Privnote is a free website that has existed since 2008. Its purpose is simple: to let you send a message that can only be read once, then vanishes permanently.
Visit privnote.com and type your message. No login, no personal information, no fuss. Just write and click create.
Privnote gives you a unique link. You copy it and send it to the person you want to read your message. That is all.
When they open the link, they see your message. The moment it is displayed, Privnote permanently deletes it. The link stops working. No copy remains.
"Privnote does not make your communication invisible — it makes it impermanent. There is an important difference, and understanding it is the key to using the service well."
Every email you send, every message you type in a chat app, every note you save in the cloud creates a permanent record. Most of the time, that is fine. But sometimes you want to share something without it living forever in someone's inbox or chat history.
Privnote is for those moments. Here are the situations where it genuinely helps.
When you need to give someone a password — a Wi-Fi password, a login credential, a temporary access code — Privnote ensures the password is not sitting in their email inbox forever after.
Bank account numbers, passport details, insurance information — things you need to send to a trusted person but do not want archived in email threads that might be accessed years later.
IT teams and developers use Privnote to share initial credentials, API keys, and access tokens with colleagues — keeping them out of Slack channels and email threads where they might linger indefinitely.
Sometimes you want to say something to someone without it becoming a permanent part of your digital correspondence. Privnote gives you that option.
Privnote is a useful everyday tool, but it is not appropriate for everything. It is not designed for highly classified information, legally sensitive documents that require an audit trail, or anything where the recipient needs to refer back to the content repeatedly.
It also cannot send files — only text. And it cannot prevent the recipient from taking a screenshot or copying the content before the note disappears.
Beyond the basic self-destruct, Privnote offers several thoughtful features that make it more useful and more secure.
Add a password to your note. The recipient needs both the link and the password to read it. This is the most important security feature — always use it for sensitive information, and send the password through a different channel than the link.

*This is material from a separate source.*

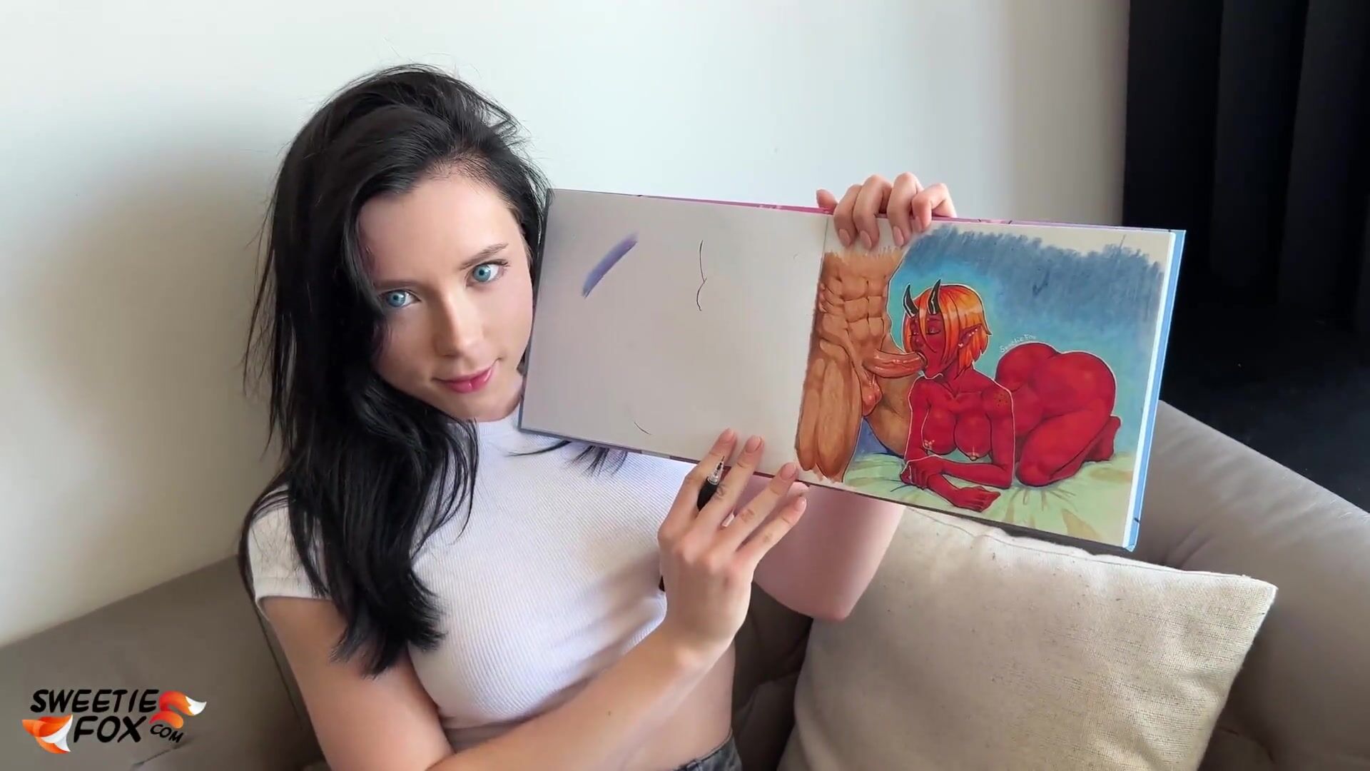 Молодая художница делает наброски и трахается со своим мужчиной по домашнему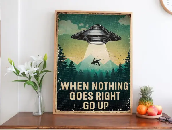 When Nothing Goes Right Go Up Poster Alien Wall Art Alien Poster Ufo Wall Decor Ufo Alien Wall Art Space Wall Art Space Wall Art

Set your note to expire after a specific time — 1 hour, 24 hours, 7 days, or 30 days — regardless of whether it has been read. Useful for ensuring notes do not linger indefinitely if the recipient never opens them.
Provide your email address and Privnote will send you a message the moment your note is opened and destroyed. This confirms delivery and can alert you to unexpected access.
Privnote requires no account, no email address, and no personal information to use. You can create and share notes in complete anonymity. The only optional personal information is an email for notifications.
Before you type anything sensitive into Privnote, please take a moment to verify that you are on the correct website. The official address is privnote.com. There are imitation websites that look identical but intercept your messages.
The most documented imitation site is privnotes.com — note the extra letter 's'. It has been reported stealing sensitive information by modifying note content before delivery. Always check the address bar before typing.